Era el águila que Lech había soñado poseer. Este era el pájaro que hacía de la cetrería un deleite y que despertaría la envidia de muchos príncipes europeos. Decidió capturar a uno de los pichones para llevarlo al castillo y allí entrenarlo personalmente con todo el cuidado y esfuerzo que demandaría. ¡Qué hermoso premio sería! ¡Qué placer sería obtener uno de esos pichones!
Bajó de su caballo y trepó hasta el nido. El águila blanca estaba cuidando atentamente a sus crías, pues aún no habían aprendido a volar, y sorprendida por la presencia de un extraño, las deslizó bajo sus alas.
Lech agitó bruscamente sus brazos para asustarla, pensando que así dejaría el nido. Pero ella no sólo no huyó sino que se aferró aún más a sus pichones.
El duque se acercó extendiendo su mano y el águila, con movimientos ligeros, lo picoteó y se puso en guardia.

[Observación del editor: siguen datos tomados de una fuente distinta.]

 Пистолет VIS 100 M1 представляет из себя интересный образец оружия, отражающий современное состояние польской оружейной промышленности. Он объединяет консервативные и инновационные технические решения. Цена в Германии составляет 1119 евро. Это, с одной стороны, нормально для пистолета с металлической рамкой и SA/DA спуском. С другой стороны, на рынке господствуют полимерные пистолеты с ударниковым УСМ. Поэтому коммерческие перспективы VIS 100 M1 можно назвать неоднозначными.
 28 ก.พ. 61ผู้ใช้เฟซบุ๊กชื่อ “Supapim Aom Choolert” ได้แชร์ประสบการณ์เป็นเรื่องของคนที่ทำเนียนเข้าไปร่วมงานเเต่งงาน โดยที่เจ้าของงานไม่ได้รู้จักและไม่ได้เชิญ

Pero Lech no retrocedió y amenazó al pájaro con su daga, de tal manera que ésta se heriría al acercarse. Con la otra mano, intentó apresar a uno de los pichones, pero la madre una vez más se posó sobre Lech, quien a su vez persistió en el intento de capturar al pichón. La lucha continuó. Lech usando su puñal sin reservas fue haciendo intentos desesperados por acercarse al nido. Pero fue rechazado por el afilado pico y las fuertes alas de la madre. El águila fue lastimada varias veces y la sangre fue manchando sus blancas plumas con salpicaduras carmesí. Ella defendió su nido y la libertad de sus pichones.
El valiente y generoso corazón de Lech fue tocado por la firme defensa y el noble coraje del águila. El cuadro que mostraba la sangre goteando sobre los blancos pechos de los pichones hizo que sintiera vergüenza de su deseo de privar de la libertad a los vástagos de tan valiente madre. Era un pájaro valiente que daba su sangre por la libertad y la vida de sus pichones.

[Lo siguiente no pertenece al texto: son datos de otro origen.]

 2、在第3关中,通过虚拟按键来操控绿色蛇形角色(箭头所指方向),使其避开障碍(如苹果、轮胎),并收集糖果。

Luego Lech se sentó al pie de la colina mirando la escena que había dejado detrás: todo cuanto veía eran las prósperas tierras de Polonia, su país, al que amaba con todo su corazón. ¿Podría defender a Polonia con todo su corazón cómo el águila había defendido a su nido?
Un pensamiento le sobrevino: esa valiente águila se convertiría en el símbolo de Polonia, ella sería el símbolo de la valentía y de la libertad por la cual todos los hombres dignos darían su sangre en nombre de la Patria.
Así es que hasta hoy, en el escudo y en la bandera de Polonia aparece el águila blanca sobre un campo carmesí.
Y el lugar satisfizo al duque. Amaba aquella colina donde había encontrado el nido de águilas. Llevó a sus consejeros hasta el lugar y se los mostró diciéndoles: “Construyamos nuestros nidos aquí, tal como lo hicieron las águilas.”
Entonces construyeron un castillo y luego una ciudad a la que llamaron Gniezno, lo cual en el antiguo idioma polaco significaba “nido”.
Y en aquellos tiempos Gniezno se convirtió en una próspera ciudad y fue la capital del Ducado de Lech, al pie de la colina que lleva su nombre.